- Exercise -
Only the pictures are to be left out; write out the rest of the data exactly.

- Data below -
[Start of Attachment]
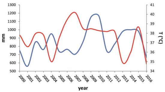 Comparison between the curves of rainfall height per year (mm) and annual temperature range (°C) in the period from 2000 to 2016. It is noted that, generally, the wettest years correspond to a smaller temperature range and vice versa, sometimes with a phase shift of about a year.
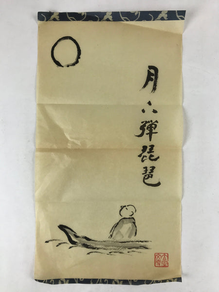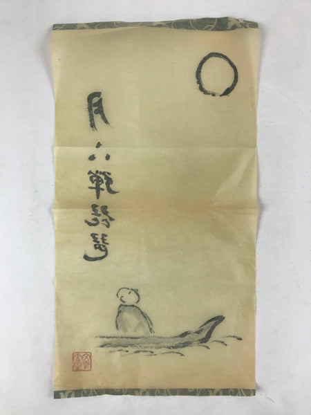 This item is a vintage printed reproduction of a calligraphy. It is in the vertical format and represents a monk sitting on a small boat on lake Biwa and contemplating the full moon. There is a poem to explain the scene. The calligraphy is signed with a red seal.
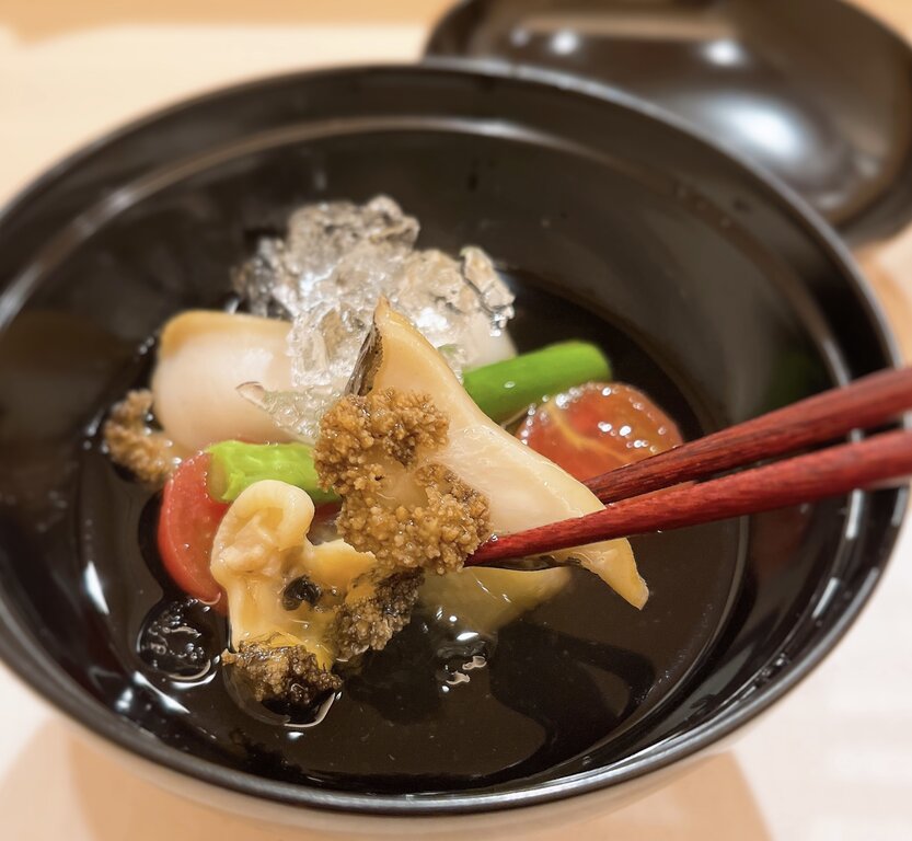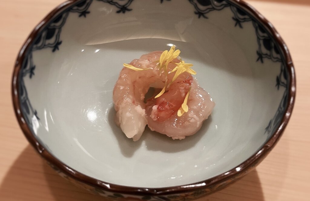 ぷるぷるの甘海老。ほんのりとした甘みには蜂蜜を使用とのこと。
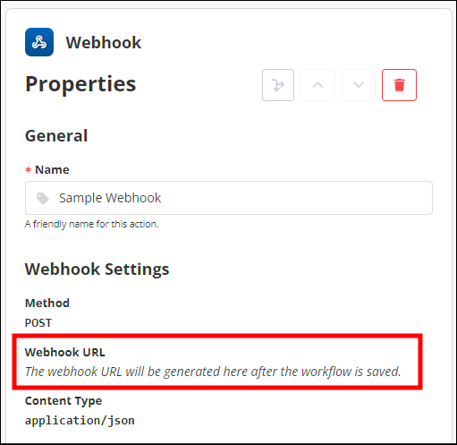 When you first add the Webhook trigger to a workflow, you will see the following message in the properties pane:
[End of Attachment]
- Your response -
 Comparison between the curves of rainfall height per year (mm) and annual temperature range (°C) in the period from 2000 to 2016. It is noted that, generally, the wettest years correspond to a smaller temperature range and vice versa, sometimes with a phase shift of about a year.
 This item is a vintage printed reproduction of a calligraphy. It is in the vertical format and represents a monk sitting on a small boat on lake Biwa and contemplating the full moon. There is a poem to explain the scene. The calligraphy is signed with a red seal.
 ぷるぷるの甘海老。ほんのりとした甘みには蜂蜜を使用とのこと。
 When you first add the Webhook trigger to a workflow, you will see the following message in the properties pane:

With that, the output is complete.